Rupture du tendon d'Achille = pause obligée pour que la machine se reconstitue.
Lecture d'ouvrages sérieux et inspirants pour réfléchir à la manière dont on peut construire des cours plus efficaces.
Lus donc
Apprendre ! de S.Deahaene
Mets-toi ça dans la tête ! Brown, Roediger, Mc Daniel
Cessons de démotiver les élèves de D.Favre
Pour une enfance heureuse C.Gueguen
A garder pas loin pour relire certaines pages !

dimanche 20 janvier 2019

Quelques BD

Les tomes 4 et 5 de la série des Vieux fourneaux où les papys loufoques nous entraînent une fois de plus dans des aventures rocambolesques.
Une jolie découverte : Sur les ailes du monde, Audubon de F.Grolleau et J.Royer.
L'histoire vraie du premier scientifique américain - d'origine française et naturalisé américain, entré au Panthéon national. En 1810, John James Audubon s'embarque sur le Mississipi pour son premier voyage d'exploration. Quel est son objectif ? Découvrir et peindre tous les oiseaux du continent. Car J.J. Audubon est un excellent peintre, mais aussi un vrai aventurier. Et, pour lui, il est essentiel de voir les animaux dans leur environnement pour mieux représenter la vie.
Peu doué dans les affaires (il a contracté beaucoup de dettes) et soutenu par sa femme qui le voit s'étioler dans une vie qui ne lui convient pas, Audubon se lance dans une traversée du monde sauvage de l'Amérique. Sa quête et son acharnement lui permettent de supporter bon nombre de mésaventures. Les auteurs ont fait le choix de raconter certains épisodes de ses aventures et les font s'enchaîner dans une belle continuité malgré tout. Un bel hommage à un homme tenace et dont le rêve a bien failli, plus d'une fois, lui coûter la vie. Des planches splendides qui ne sont certes pas dans l'esprit naturaliste de l'époque (il dut se rendre en Grande Bretagne - où il croisa Darwin - pour les faire enfin publier) mais qui rendent compte d'une nature immense et foisonnante aux couleurs chatoyantes. S'il ne manquait pas de prélever (avec un fusil chargé) des spécimens pour les étudier avant de les naturaliser, Audubon est tout de même un homme dont la conscience écologique s'éveilla au gré de ses aventures.

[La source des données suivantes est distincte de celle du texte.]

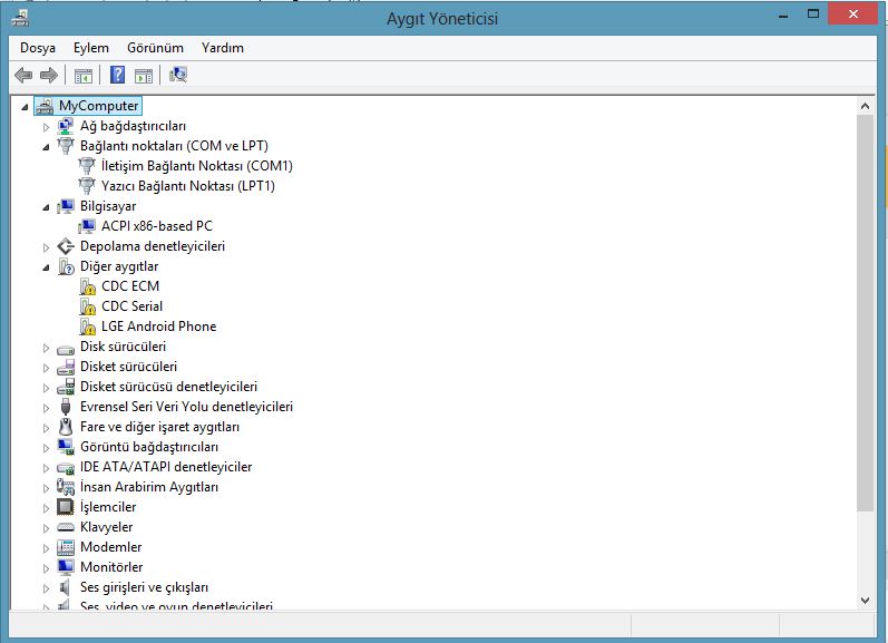 Telefonumdaki interneti bilgisayarda kullanmak için bağladım fakat driver yüklenmedi. Bilinmeyen aygıtlar bölümünde CDC ECM, CDC Serial ve LGE Android Phone adlı 3 sürücü geldi. Bağlantılarda baktığımda ise Bilgisayarın telefonu modem olarak okumadığını gördüm. Varmıdır bunun bir çözümü? < Resime gitmek için tıklayın > |

Davodeau et Joub Il s'appelait Géronimo.
Élevé en France dans une ferme coupée du monde, Geronimo est un jeune garçon un peu paumé qui rêve d'aller aux États-Unis. Un jour, il prend son courage à deux mains et décide d'embarquer illégalement à bord d'un cargo. Persuadé de se rendre au fameux "pays des Indiens", il découvre qu'il fait en réalité route vers... la Guyane. Là-bas, sans ressources, obligé de faire la manche pour survivre, il va lui falloir un sérieux coup de pouce du destin pour s'en sortir... Lecture agréable mais le scénario manque peut-être un peu de profondeur. La quête de l'identité est effleurée.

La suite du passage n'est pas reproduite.